You can’t squeeze blood from a stone, but wringing water from the desert sky is now possible, thanks to a new spongelike device that uses sunlight to suck water vapor from air, even in low humidity. The device can produce nearly 3 liters of water per day for every kilogram of spongelike absorber it contains, and researchers say future versions will be even better. That means homes in the driest parts of the world could soon have a solar-powered appliance capable of delivering all the water they need, offering relief to billions of people.
There are an estimated 13 trillion liters of water floating in the atmosphere at any one time, equivalent to 10% of all of the freshwater in our planet’s lakes and rivers. Over the years, researchers have developed ways to grab a few trickles, such as using fine nets to wick water from fog banks, or power-hungry dehumidifiers to condense it out of the air. But both approaches require either very humid air or far too much electricity to be broadly useful.
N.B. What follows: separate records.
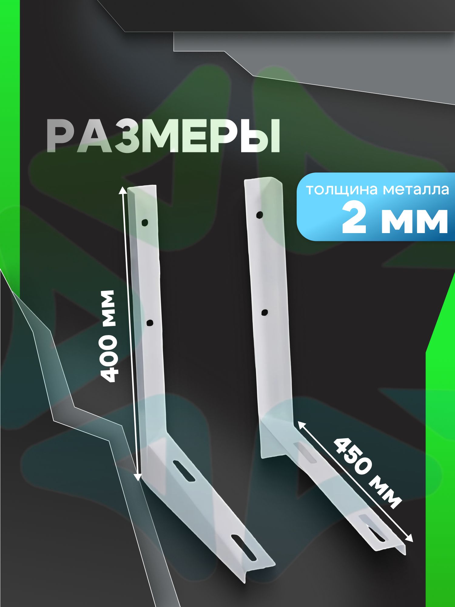 Комплект крепежных кронштейнов для кондиционера размером 400 × 450 мм (пара) разработан для обеспечения максимальной безопасности и стабильности наружного блока кондиционера. Эти кронштейны станут идеальным решением для монтажа на фасадах зданий, стенах из бетона, кирпича или даже укрепленного дерева, гарантируя устойчивую фиксацию вашей сплит-системы.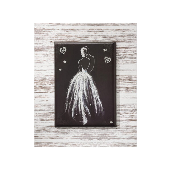 Quadro rifinito a mano dalle maestre della nostra Bottega D’Arte con Argento, cristalli Swarovski e perle di fiume.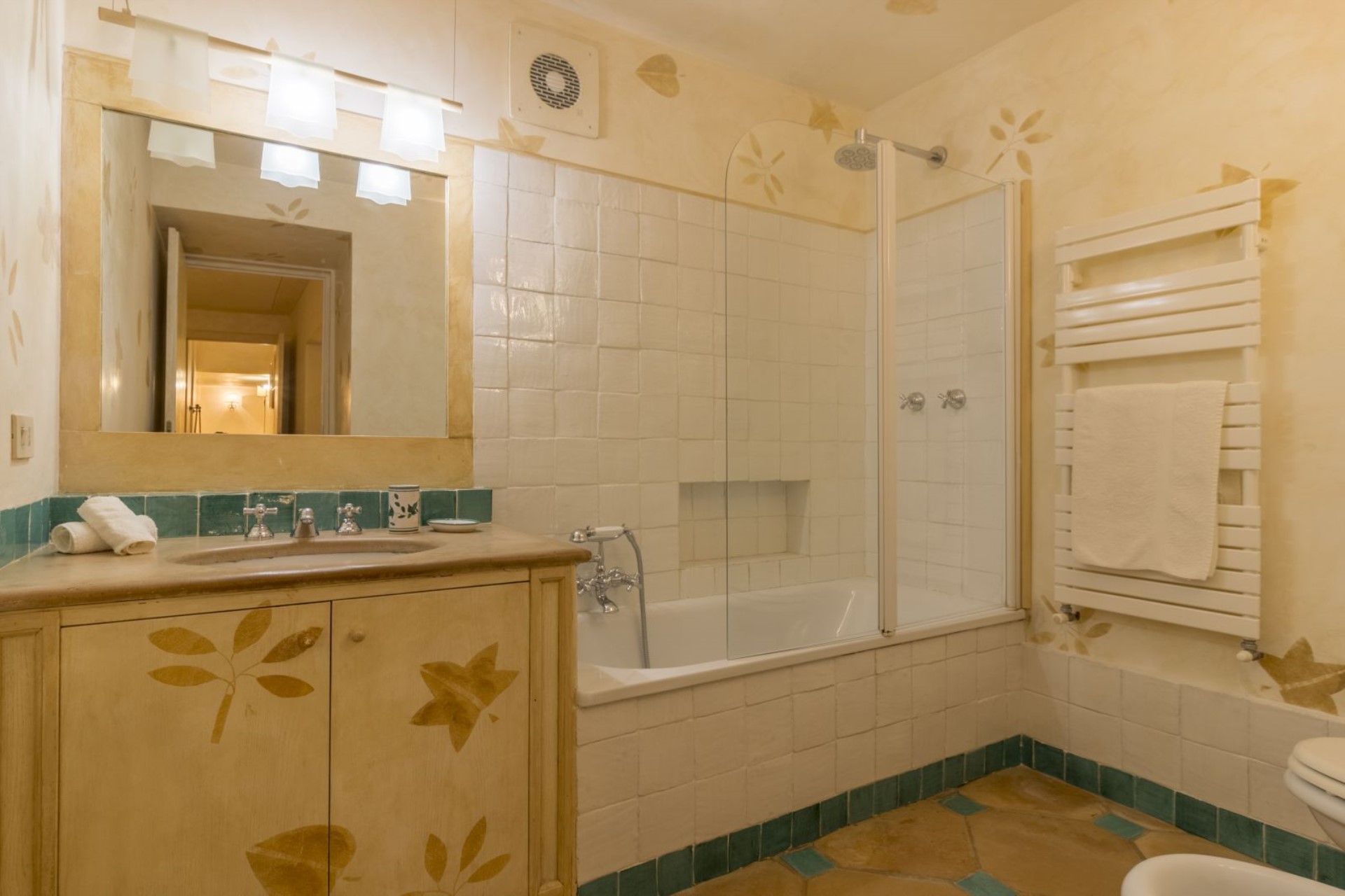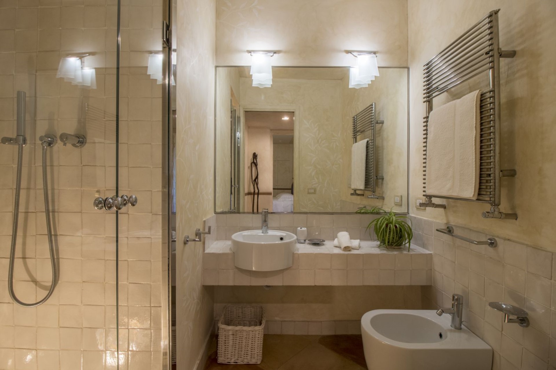 Flower Bedroom – double bed, en-suite bathroom with shower, and terrace access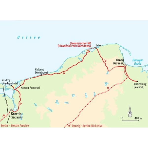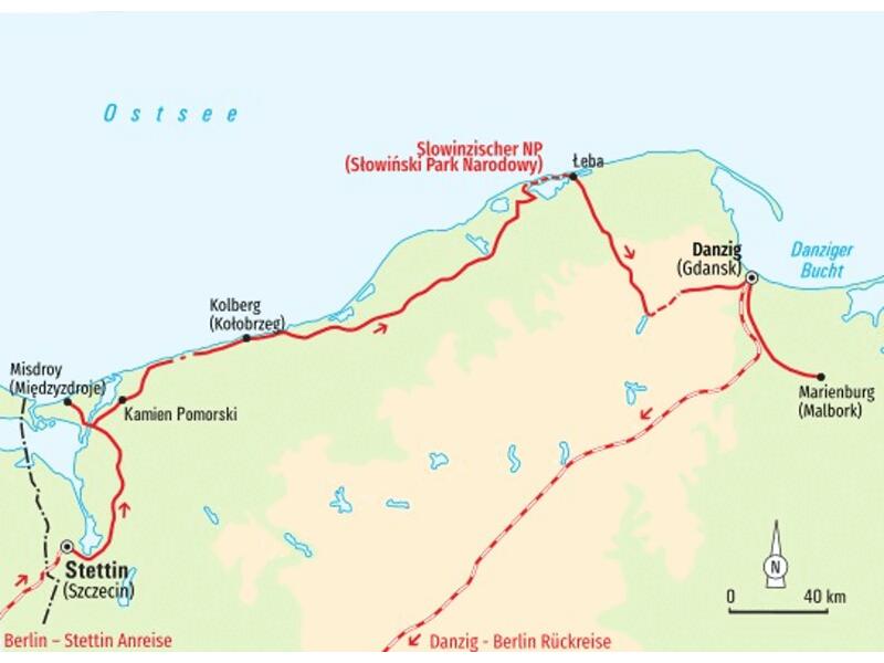 Warmer Wind fegt über den feinen, hellen Sand, die kleinen Körnchen wirbeln durch die Luft und landen ein paar Meter weiter wieder auf den wellenförmigen Dünen. Wir sind in der Sahara – allerdings in der polnischen, mitten in Europa. Die salzige Ostsee-Brise vermischt sich mit dem Duft der Fichten und Kiefern und begleitet uns auf unseren Wanderungen. Wir erklimmen bis zu 50 Meter hohe Wanderdünen, durchstreifen dichte Mischwälder und lassen uns entlang der Steilküste den Wind um die Nase wehen. Aber nicht nur die gegenwärtige Natur, auch die vergangene Kultur der Region zieht uns in ihren Bann. Hinter den sanierten Backsteinfassaden schlummert das Mittelalter, aus den prachtvollen Schlössern spricht die preußische Vergangenheit und in den Hansestädten wird die Geschichte der Kaufleute fast wieder lebendig. Die Ostseefischer sorgen dafür, dass das kulinarische Erbe der Region nicht zu kurz kommt und die regionale, deftige Küche beschert uns tägliche Gaumenfreuden. Wir wollen auch wissen, wo Oskar die Blechtrommel von Günter Grass geschlagen hat und wie die Kaschuben und Slowinzen ihre tief verwurzelten Traditionen in die Moderne integrieren – natürlich immer mit genügend Zeit zum Durchatmen und Genießen.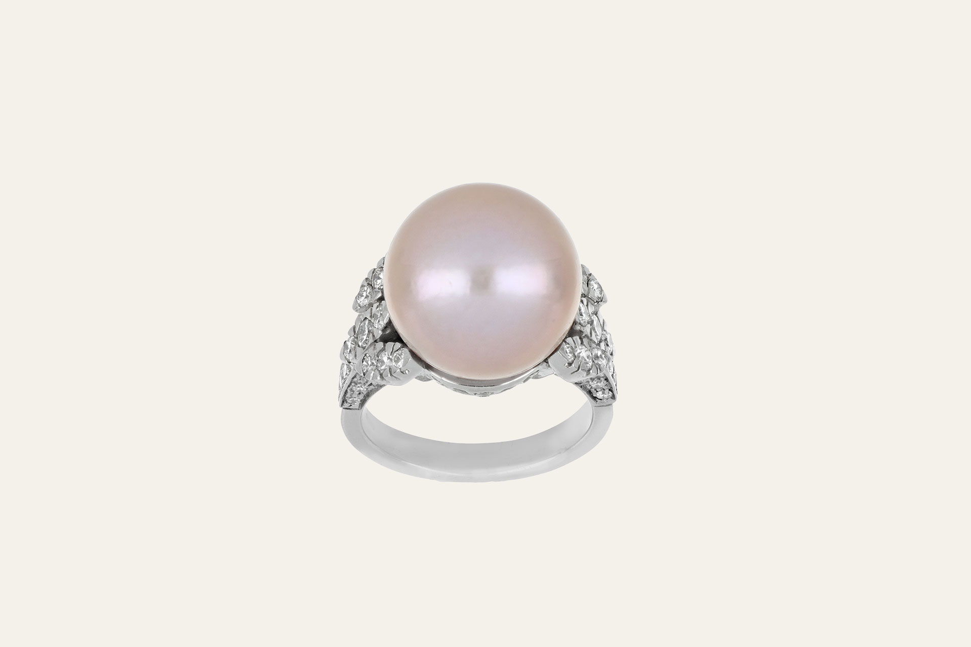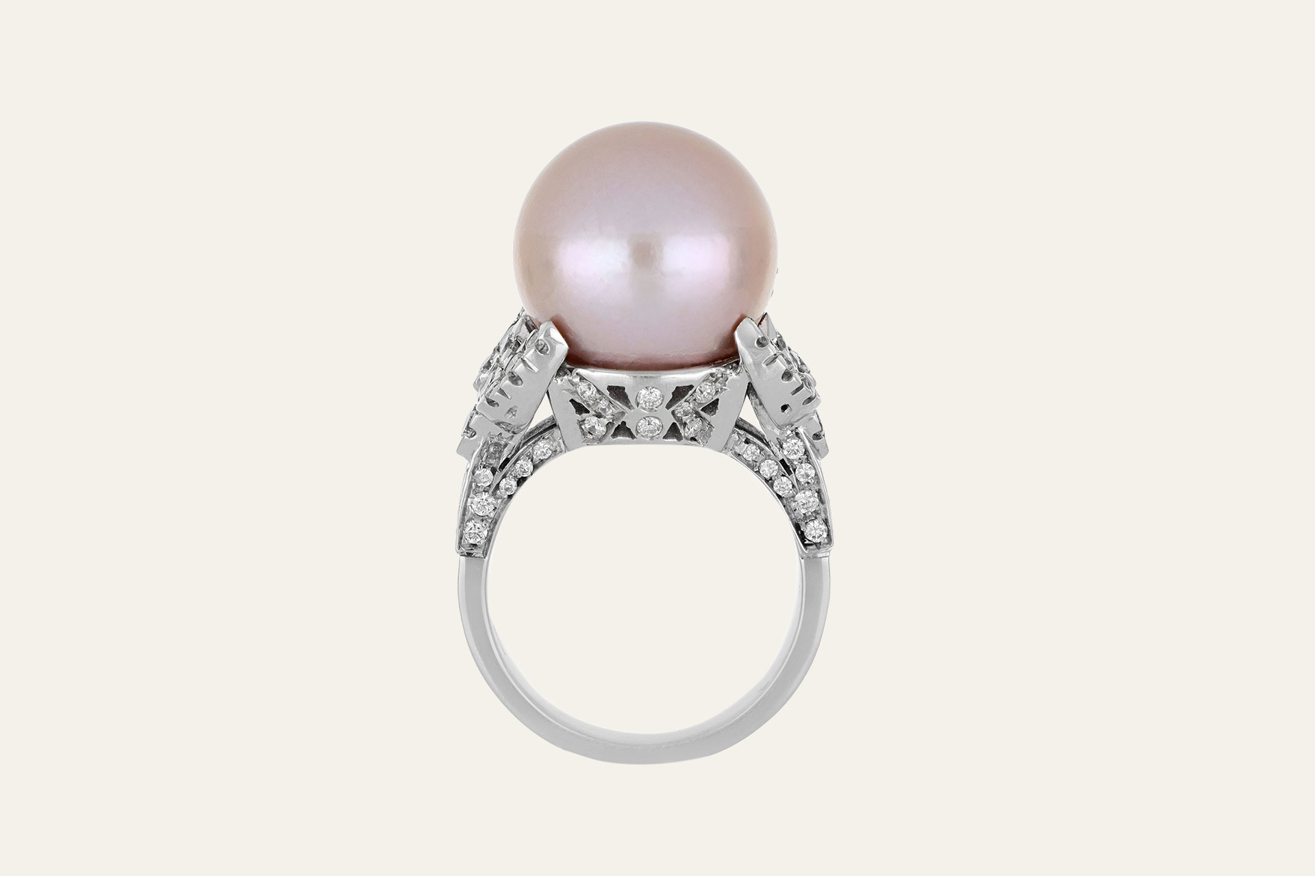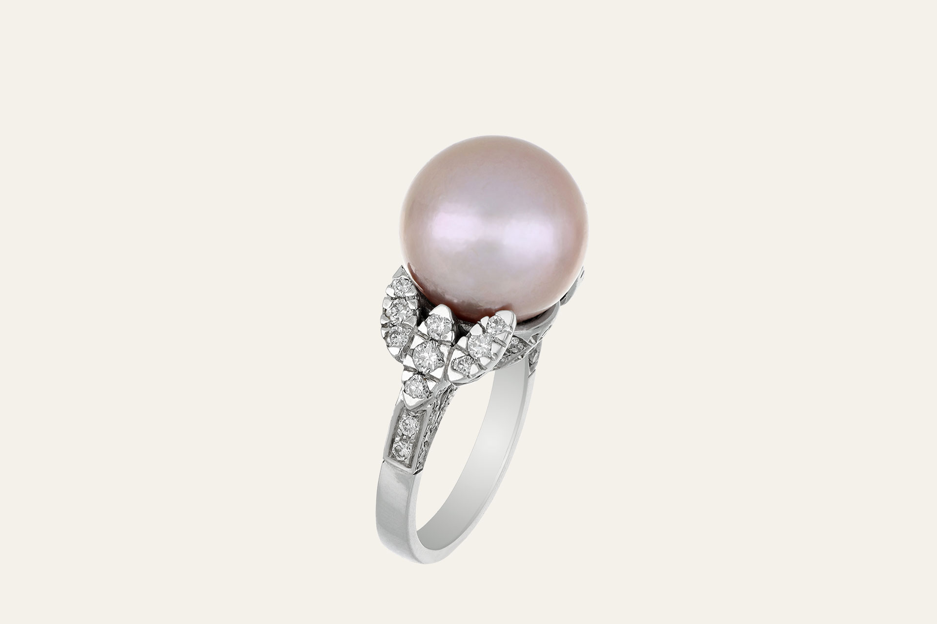 Questo anello è un’ode alla bellezza naturale, dove la delicata tonalità di una perla rosa viene esaltata da una montatura scultorea in oro bianco e dalla brillantezza pura dei diamanti. Un gioiello unico, pensato per chi ama distinguersi con grazia e raffinatezza. Al centro di questa creazione risplende una magnifica perla rosa. La sua superficie liscia e luminosa riflette la luce con sfumature calde e delicate. Ogni perla è selezionata con cura per garantire una forma perfettamente sferica e un lustro eccezionale, rendendo ogni anello un pezzo irripetibile. La montatura in oro bianco è un capolavoro di maestria orafa, incastonata con diamanti taglio a brillante. Due eleganti foglie stilizzate nascono dal gambo dell’anello per creare una culla sicura e armoniosa per la perla.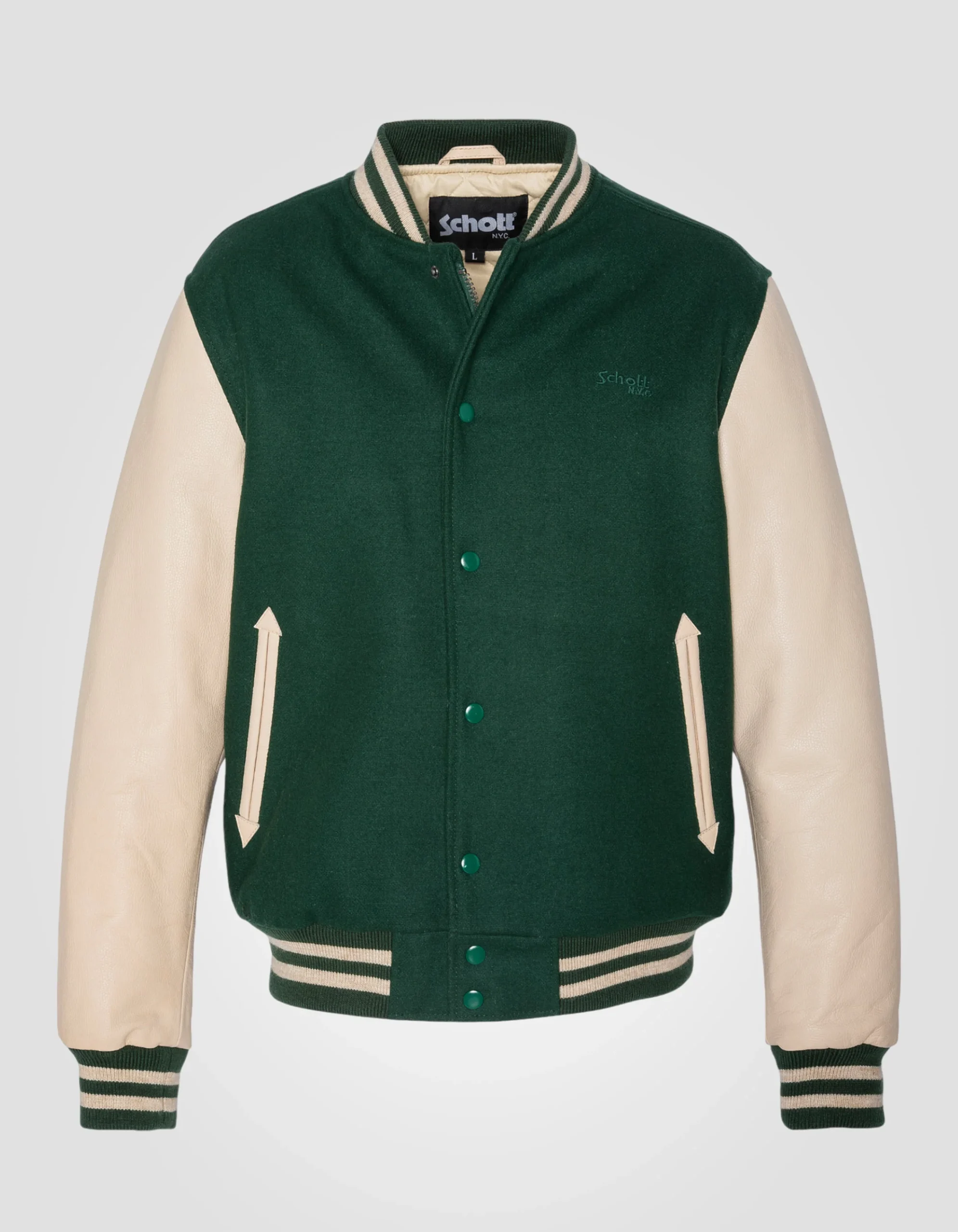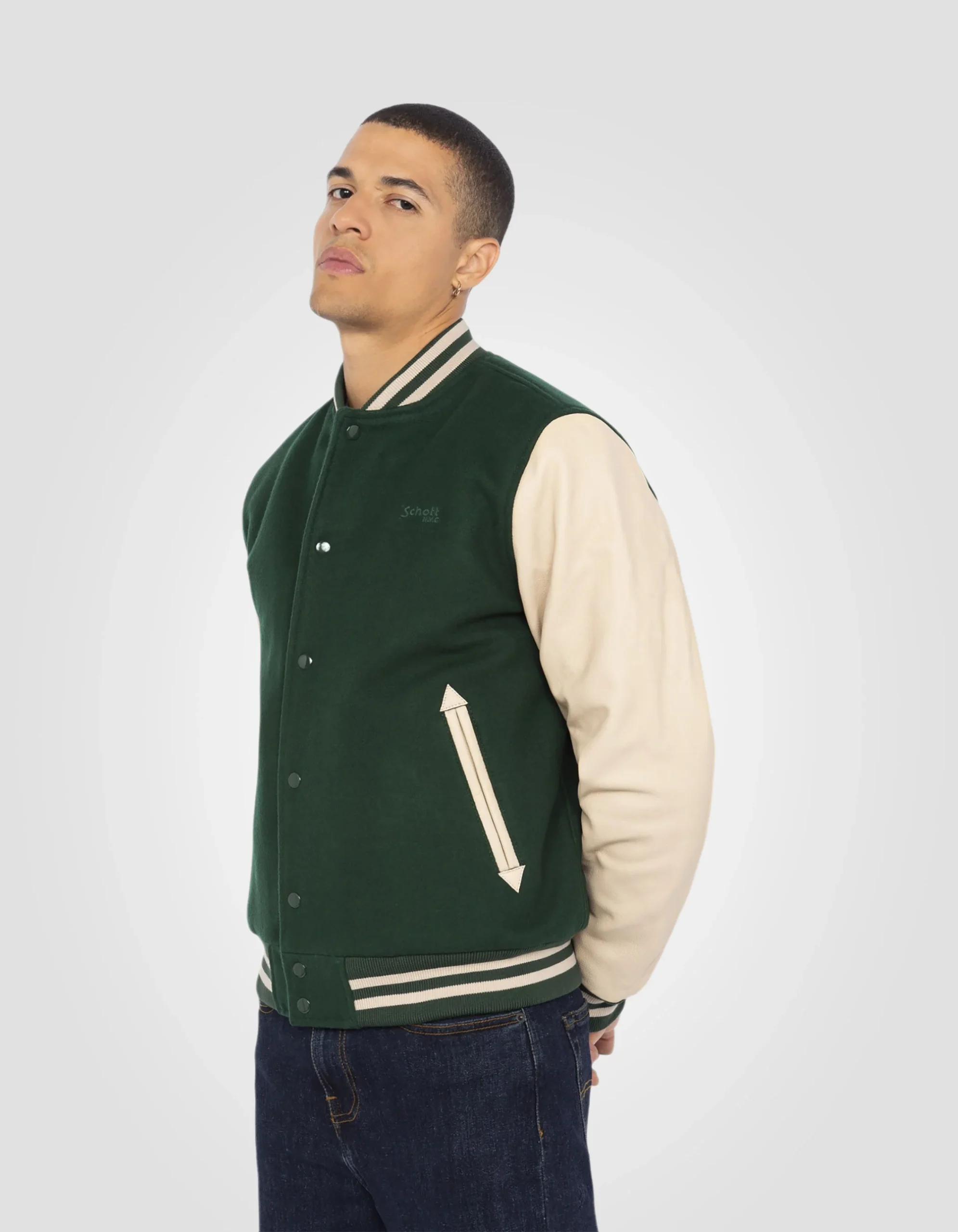 Indispensable du vestiaire Schott NYC®, optez pour ce teddy iconique qui reprend les codes du blouson varsity américain.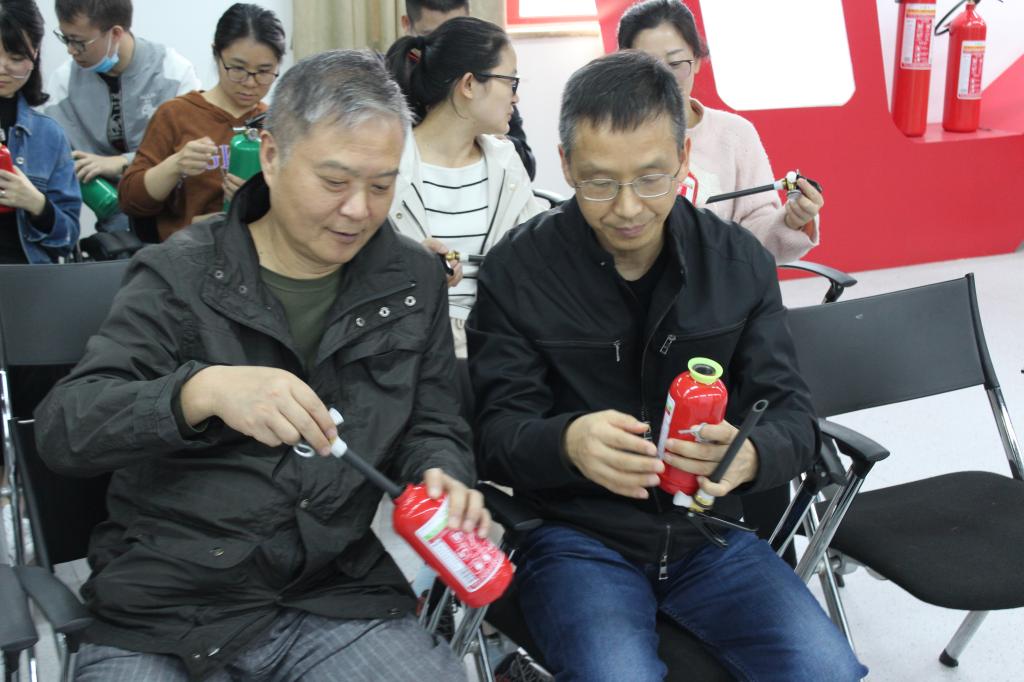 培训分为2个阶段。第一阶段,培训老师详细讲解灭火器的类型,是否有效的判断,火灾类型与灭火器匹配对应,以及灭火器的使用方法,参加培训的老师认真完成了“模拟灭火”。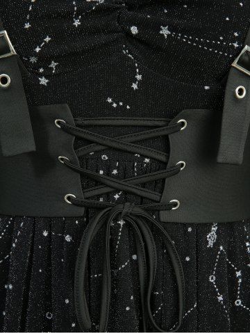 Galaxy Silver Print Lace Up Panel Ruffles Flare Sleeves Asymmetrical Cold Shoulder Dress - Black - Xxxl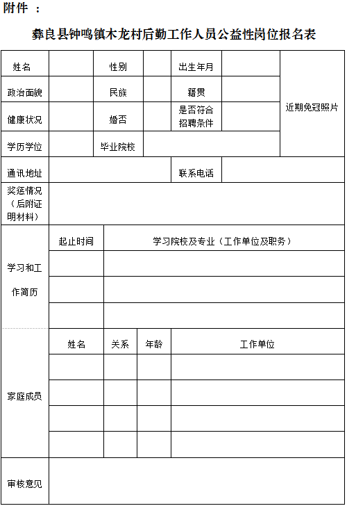 附件:彝良縣鐘鳴鎮(zhèn)木龍村后勤工作人員公益性崗位報名表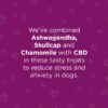 Weâve combined Ashwagandha, Skullcap and Chamomile with CBD in these tasty treats to reduce stress and anxiety in dogs.

To find an all-purpose solution, researchers led by Omar Yaghi, a chemist at the University of California, Berkeley, turned to a family of crystalline powders called metal organic frameworks, or MOFs. Yaghi developed the first MOFs—porous crystals that form continuous 3D networks—more than 20 years ago. The networks assemble in a Tinkertoy-like fashion from metal atoms that act as the hubs and sticklike organic compounds that link the hubs together. By choosing different metals and organics, chemists can dial in the properties of each MOF, controlling what gases bind to them, and how strongly they hold on.
Over the past 2 decades chemists have synthesized more than 20,000 MOFs, each with unique molecule-grabbing properties. For example, Yaghi and others recently designed MOFs that absorb—and later release—methane, making them a type of high-capacity gas tank for natural gas–powered vehicles.
In 2014, Yaghi and his colleagues synthesized a MOF that excelled at absorbing water, even under low-humidity conditions. That led him to reach out to Evelyn Wang, a mechanical engineer at the Massachusetts Institute of Technology (MIT) in Cambridge, with whom he had previously worked on a project to use MOFs in automobile air conditioning. After synthesizing the new zirconium-based MOF, dubbed MOF-801, Yaghi met Wang at MIT and said, “Evelyn we have to come up with a water-harvesting device.” She agreed to give it a shot.
The system Wang and her students designed consists of a kilogram of dust-sized MOF crystals pressed into a thin sheet of porous copper metal. That sheet is placed between a solar absorber and a condenser plate and positioned inside a chamber. At night the chamber is opened, allowing ambient air to diffuse through the porous MOF and water molecules to stick to its interior surfaces, gathering in groups of eight to form tiny cubic droplets. In the morning, the chamber is closed, and sunlight entering through a window on top of the device then heats up the MOF, which liberates the water droplets and drives them—as vapor—toward the cooler condenser. The temperature difference, as well as the high humidity inside the chamber, causes the vapor to condense as liquid water, which drips into a collector. The setup works so well that it pulls 2.8 liters of water out of the air per day for every kilogram of MOF it contained, the Berkeley and MIT team reports today in Science.
“It has been a longstanding dream” to harvest water from desert air, says Mercouri Kanatzidis, a chemist at Northwestern University in Evanston, Illinois, who wasn’t involved with the work. “This demonstration … is a significant proof of concept.” It’s also one that Yaghi says has plenty of room for improvement. For starters, zirconium costs $150 a kilogram, making water-harvesting devices too expensive to be broadly useful. However, Yaghi says his group has already had early success in designing water-grabbing MOFs that replace zirconium with aluminum, a metal that is 100 times cheaper. That could make future water harvesters cheap enough not only to slake the thirst of people in arid regions, but perhaps even supply water to farmers in the desert.
*Update, 14 March, 12:28 p.m.: This item has been updated to reflect the fact that the device pulls nearly 3 liters of water out of the air for every kilogram of the water-absorbing material that is used.